Leading Irish trainer Charles Byrnes banned for six months after one of his horses was ‘nobbled’ with a sedative at Tramore racecourse
- Viking Hoard was found to have tested positive for a sedative following the race
- A lay bet risking €34,889 to win €3,200 was placed on Viking Hoard in 2018
- Viking Hoard was pulled up after jumping six hurdles in the race at Tramore
Charles Byrnes, one of Ireland’s most experienced trainers and a three-time Cheltenham Festival winner, has been banned from training for six months after one of his horses was ‘nobbled’ with a sedative.
A hearing of the Irish Horseracing Regulatory Board was told betting patterns surrounding Viking Hoard, who was pulled up in a handicap hurdle at Tramore racecourse on October 18, 2018, showed a possible link to ‘an individual based in a distant part of the world associated with match-fixing’.

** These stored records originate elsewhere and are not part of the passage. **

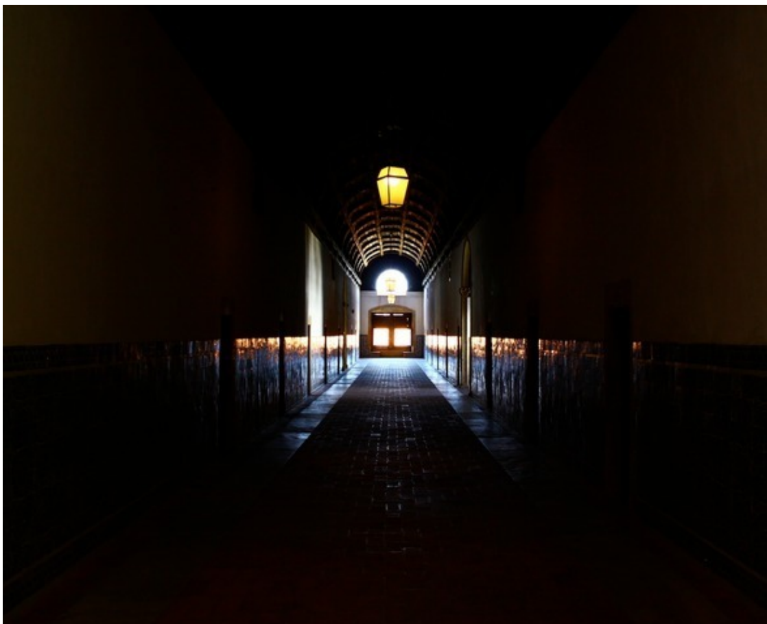
Монастырь ордена Христа, Томар, Португалия

Люди могут начинать и заканчивать существование разными путями, – ... – Некоторые могут начинать как машины и понемногу добывать себе человечность. Другие могут заканчивать как машины, теряя человечность понемногу в течение жизни. Потерянное всегда можно вернуть, приобретённое всегда можно потерять.
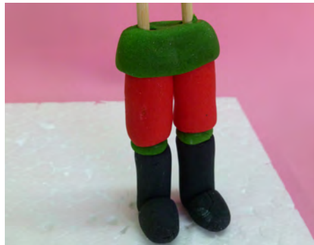
Insertarla en los palitos de brochete y pegarla con agua • Insert the skewers in the green ball and attach with water
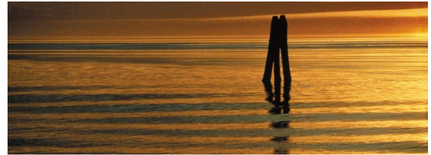
Laguna di Venezia
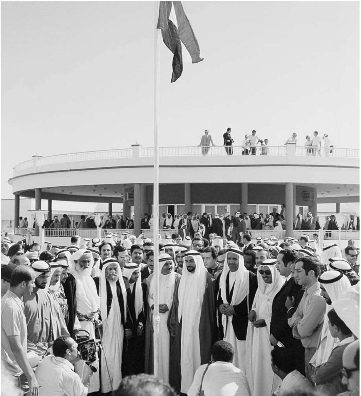
2 كانون الأول/ديسمبر 1971 يوم إعلان قيام دولة الإمارات العربية المتحدة. ويظهر في الصورة سمو الشيخ زايد بن سلطان آل نهيان وسمو الشيخ راشد بن سعيد آل مكتوم وأصحاب السمو حكام الإمارات الأخرى التي شكلت دولة الإمارات العربية المتحدة عند قيامها.
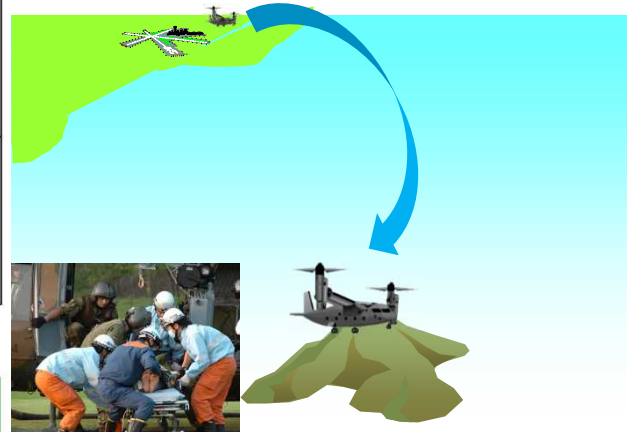
飛行場のない離島でも離着陸可能
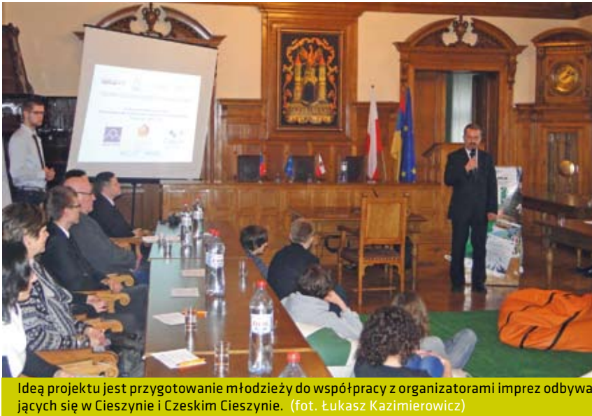
Ideą projektu jest przygotowanie młodzieży do współpracy z organizatorami imprez odbywających się w Cieszynie i Czeskim Cieszynie.

W dniu 2 marca w sali sesyjnej cieszyńskiego ratusza odbyła się konferencja inauguracyjna projektu Transgraniczne Centrum Wolontariatu i Wsparcia Imprez, który dofinansowany jest ze środków Unii Europejskiej w ramach Europejskiego Funduszu Rozwój Regionalnego - Programu Operacyjnego Współpracy Transgranicznej Republika Czeska - Rzeczpospolita Polska 2007 - 2013 i budżetu państwa za pośrednictwem Euroregionu Śląsk Cieszyński. Projekt został przygotowany i jest koordynowany przez Wydział Kultury Urzędu Miejskiego.
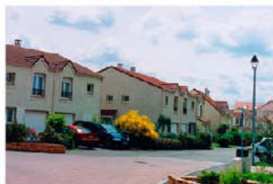
Les maisons individuelles
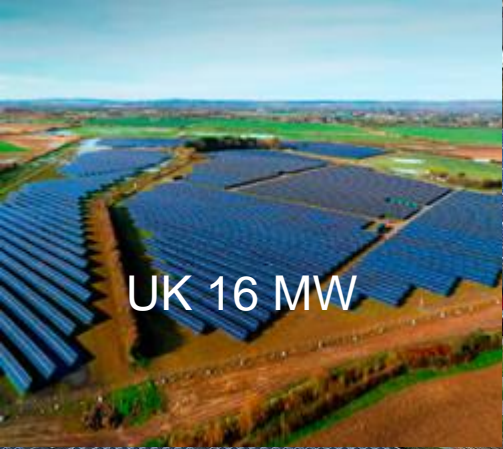
UK 16 MW
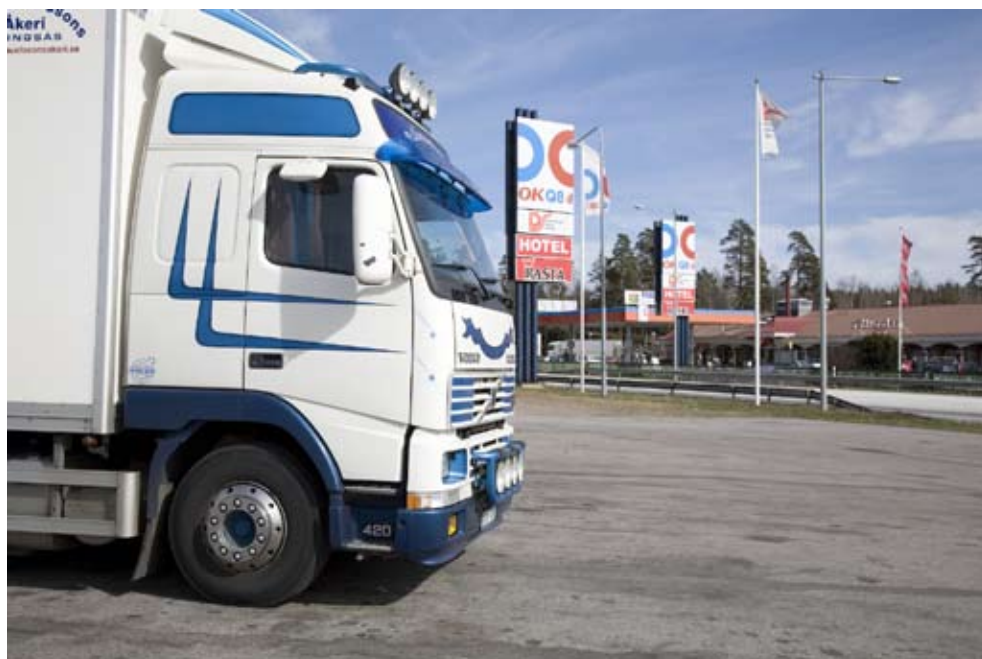
Lastbil vid Rasta Mariestad

I avstämningskolumnen för 2011 ingår en engångsersättning/investeringsbidrag om 9 629 Tkr i samband med övertag av hotellverksamheten i Malmö per 1 januari 2011. Inga ytterligare åtaganden föreligger, varför intäkt redovisas.
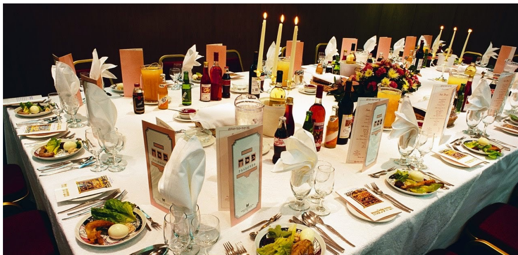
Disposición de una mesa familiar para la celebración de la Pascua*

Para tener la vida, es indispensable apropiarnos del cuerpo y la sangre del Mesías, para que lleguen a ser parte de nosotros. De la misma manera que los alimentos son asimilados por nuestro cuerpo y se transforman para llegar a ser parte integral de nosotros, la Palabra de YHWH, que es Yeshúa hecho carne, necesita ser “asimilada” por nuestro espíritu para que tomando control de nuestra alma, podamos vencer sus vicios y debilidades siendo transformados para ser luz en un mundo decadente envuelto en tinieblas, cumpliendo así el propósito de YHWH para cada uno de nosotros.
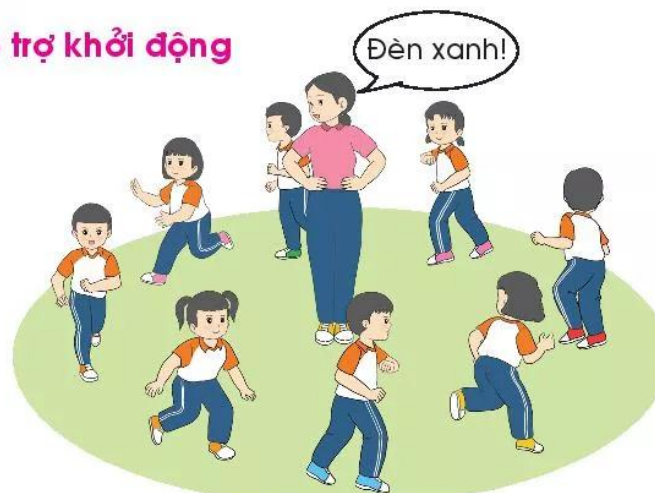
Trò chơi "Giao thông đường bộ"
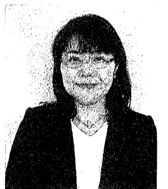
学校・保護者・地域が一つのチーム

平成は自然の驚異を見つめ直す日々でした。令和を迎え、新たな出会いと気持ちをもって、様々な行事に取り組んで行けたらと思います。
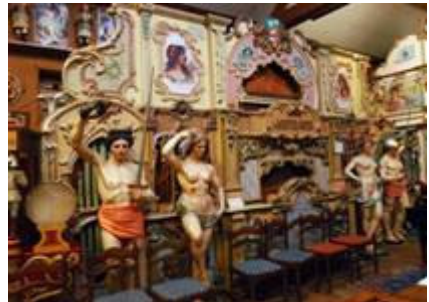
Foto Mortierorgel 1905 uit websiite
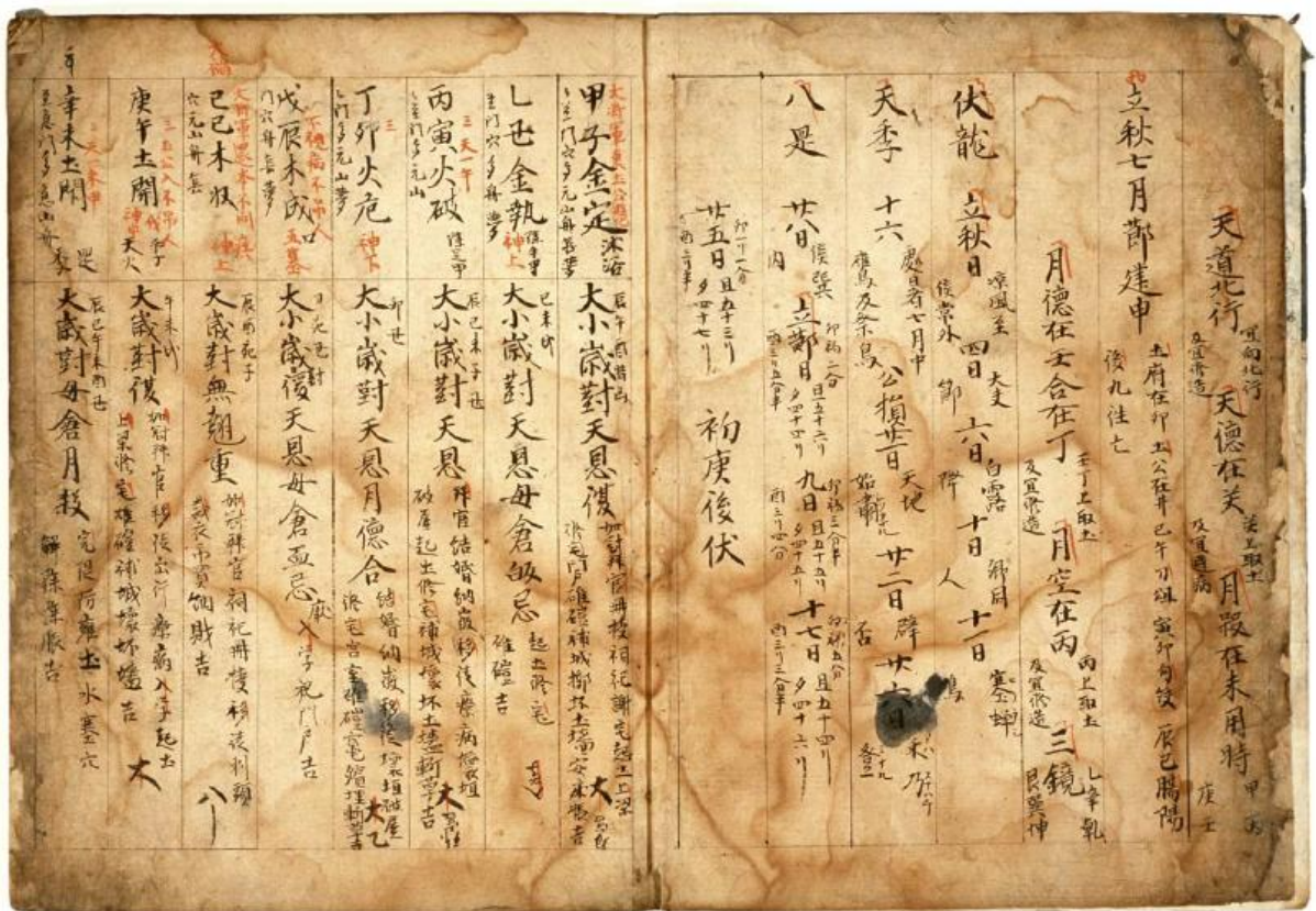
Extrait du Da Tang yinyang shu , registre du septième mois (à droite) et registres journaliers (à gauche), Bibliothèque de l'Université de Kyoto, 子 VII 6 3-1

présentent les paramètres mensuels (les périodes solaires, les esprits mensuels, etc.) et, en fonction des soixante binômes sexagésimaux possibles des jours du mois, les marqueurs des jours (sons induits, marqueurs jianchu ), les esprits journaliers (conjonction yinyang des soixante binômes yinyang daxiao hui 陰陽大小會, esprits Tian'en 天恩, Fu 復, Mucang 母倉, Guiji 歸忌...), et les activités journalières prescrites. Pour le Moyen âge chinois, un seul de ces lizhu a été conservé au Japon. Intitulé Da Tang yinyang shu 大唐陰陽書, avec en sous titre «Kaiyuan Dayan lizhu» 開元大衍曆注 (Annotations du calendrier Dayan de l'ère Kaiyuan), bien que copié en 848 par un spécialiste japonais du Onmyodô 陰陽道, il ne fait pas de doute que c'est probablement ce type de manuels dont devaient disposer les calendéristes de Dunhuang et d'ailleurs pour mener à bien leur tâche (voir fig. 1).

Viking Hoard, who drifted in the betting from 4-1 to 8-1 before the race, received reminders from jockey Kevin Brouder within a few strides of the start.
Charles Byrnes (pictured at Royal Ascot in 2014) had his licence suspended for six months
A lay bet risking €34,889 to win €3,200 demonstrated a degree of confidence the bet would be successful, according to the committee — who were also told of two other races involving Viking Hoard where similar bets were placed. Viking Hoard was pulled up after jumping six hurdles. Post-race examination showed he had a ‘slow heart rate’ and he later tested positive for acepromazine, a fast-acting tranquiliser.
Lynn Hillyer, IHRB chief veterinary officer and head of anti-doping, told the hearing that the evidence showed that Viking Hoard was ‘subject to a dangerous degree of sedation during the race, which was masked until the rider was required to ask the gelding for an early effort’.
In Dr Hillyer’s opinion the betting patterns were not coincidental, and she concluded that the evidence demonstrated Viking Hoard was ‘nobbled’ before the race.
The committee decided that, although there was no evidence linking Byrnes to the bets or the administration of the ACP, he had been negligent in his trainer duties.
Viking Hoard was twice briefly left unaccompanied at the racecourse, which offered time windows that ‘facilitated what was clearly organised pre-race doping’. Byrnes has told the IHRB he intends to appeal against the decision.